Attackers made away with employees' and their dependents personal and financial details after infiltrating the firm's systems last year and lingering for up to six months. The volume of data stolen totalled approximately 6TB, and comprised emails, blueprints and other business documents.
But the criminals were only able to compromise this data due to Citrix's own actions and omissions, and a failure to properly protect the personal information of its staff, according to court filings submitted in Florida.
The former employee, Lindsey Howard, alleges the method of entry, known as password-spraying, is a well-known and preventable intrusion tactic.

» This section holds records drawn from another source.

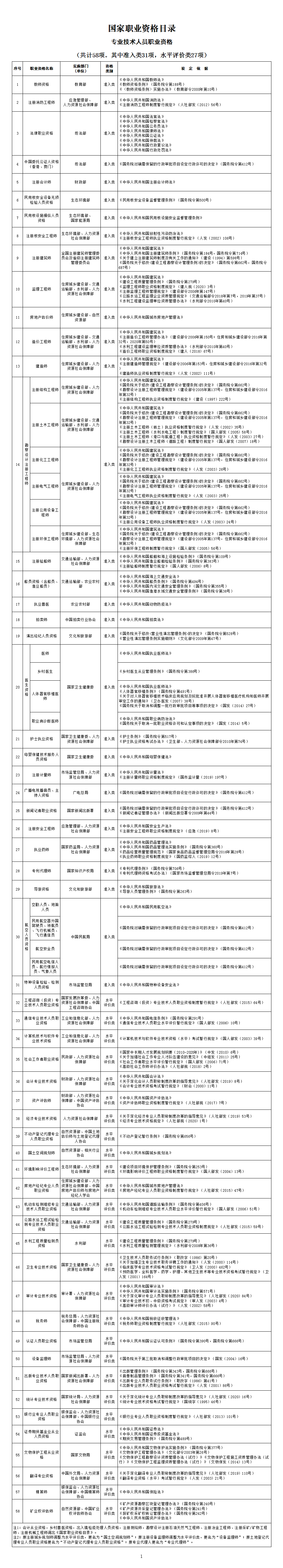 注1:會(huì)計(jì)從業(yè)資格,鄉(xiāng)村獸醫(yī)資格,出入境檢疫處理人員資格,注冊(cè)測繪師,勘察設(shè)計(jì)注冊(cè)石油天然氣工程師、注冊(cè)冶金工程師、注冊(cè)采礦/礦物工程師、注冊(cè)機(jī)械工程師調(diào)出《國家職業(yè)資格目錄》。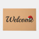 Le matelas de bienvenue est affiché dans un imprimé de chapeau santa de vacances. Couleur Tan Customiser ce tapis ou acheter tel quel.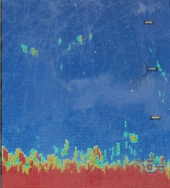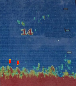 A la izda, imagen en la sonda de uno de los fondos antes citados. Las imágenes señaladas por las flechas puede que correspondan precisamente a falsos corales. La vegetación en la sonda se ve, de ordinario, como manchas amarillentas. Pero si es algo calcárea ( como es el caso del falso coral), el fondo escaso y la intensidad de la sonda elevada, pueden simular manchitas de pescado pegado al piso.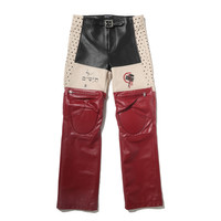 BOOTCUT BELT-CLOSURE PANT IN COWHIDE LEATHER. VISCOSE TWILL LINING. HOLLYWOOD WAISTBAND. BACK YOKE DETAIL. PANELLED CONSTRUCTION.. ZIP CLOSURE POCKETS AT KNEE PANELS. ARTWORK PRINTED AT FRONT & BACK. SIGNATURE ROSE BUCKLE AT WAIST. MADE IN ITALY.
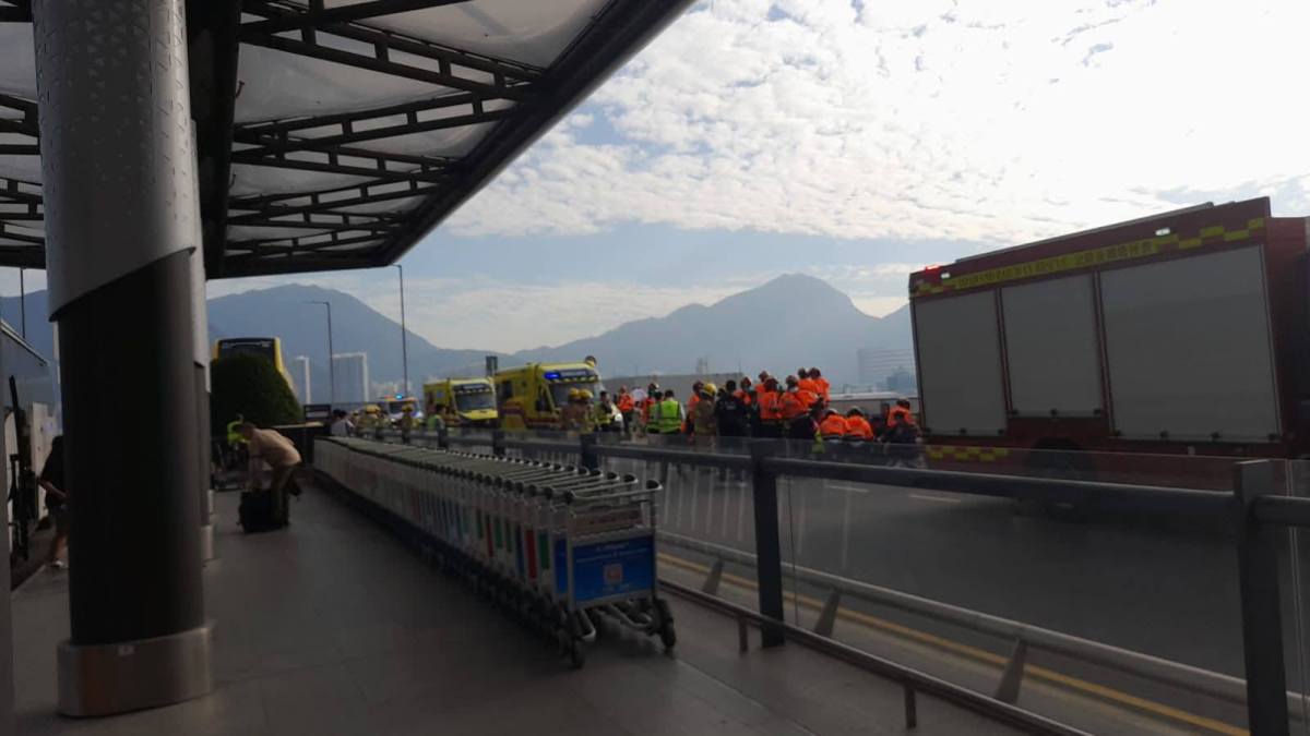 運輸署表示,現時上址交通繁忙,因交通意外,暢航路近香港國際機場一號客運大樓離港層落客區的部分行車線現已封閉,駕駛人士只可使用餘下行車線行車。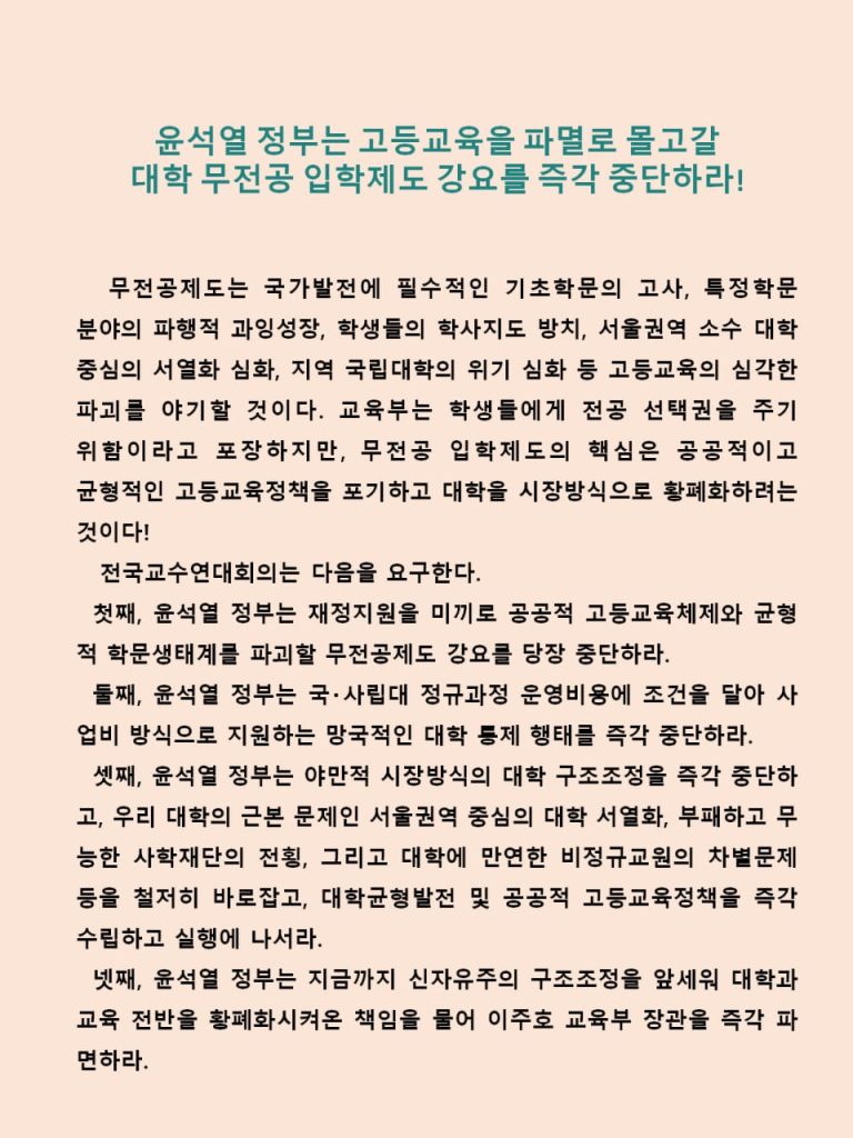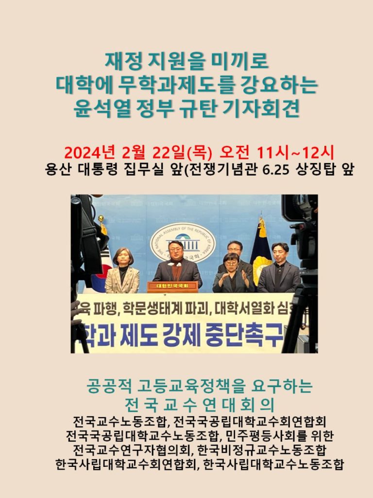 무전공·무학과 강제 중단촉구 기자회견 활동소식 연구자의집은 전국교수노동조합, 전국국공립대학교수연합회, 전국국공립대학교수노동조합 등과 함께 고등교육 파행, 학문생태계 파괴, 대학서열화를 심화할 무전공·무학과 제도 강제 중단촉구 기자회견을 진행했습니다. 202024-04-292024-04-30활동소식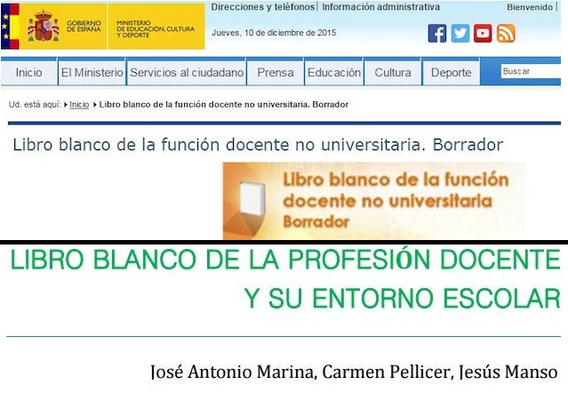 El Ministerio de Educación le cambió el título al Libro Blanco que encargó realizar al filósofo y catedrático, José Antonio Marina, en el mismo momento en que éste se lo entregó. El documento, realizado por Marina junto a Carmen Pellicer y Jesús Manso, se titula el Libro Blanco de la Profesión Docente. El gabinete dirigido por Íñigo Méndez de Vigo lo tituló Libro Blanco de la Función Docente.

The breach could have been easily prevented, moreover, had the company adopted "industry-standard security protocols".
The company's failures also include not detecting the breach for nearly five months while hackers removed data from its networks.
"The data breach was the inevitable result of Citrix's inadequate approach to data security and the protection of its employees' personal information that it collected during the course of its business," the lawsuit said.
"The deficiencies in Citrix's data security were so significant that the intrusion by the hackers remained undetected for months, and was only revealed to Citrix when it was informed by the FBI.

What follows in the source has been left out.